To find all suid execs on the system (without root, so you can live off the land etc):
find /<dir> -perm /u=s,g=s 2>/dev/null
(piping away errors not required, but nice since so many /proc
and /sys
matches etc)
To find files that are publicly writeable:
find /<dir> -perm /o=w 2>/dev/null
(once again, recommend to get rid of errors, because of psuedofilesystems being silly)
Nancurinir Reflection (10.2)
In terms of techniques and tools, this week's target was compromised using things we had seen before.
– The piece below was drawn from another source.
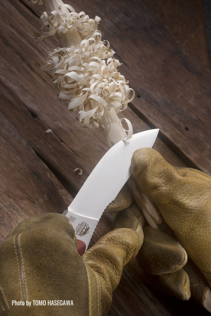 鋭い切れ味は、薄く繊細に木を削る事が可能。フェザースティック作りが、益々楽しくなります。

The unique thing about this target was that it only exposed the Apache server, which didn't have any useful CVE's for it.
However, using dirb
revealed a phpmyadmin, who's credentials were the username made obvious by the main Apache page, and the password was, as hinted, within the text of the page itself.
In the phpmyadmin, I was able to grab the password hash for the MySQL root user, which when reversed on CrackStation, was obviously the password for the Linux user gandalf
.
So, I then used a revshell thru the compromised phpmyadmin to log in as www-data
, and then pivot to gandalf
, and finally to root
, as gandalf
was a sudoer.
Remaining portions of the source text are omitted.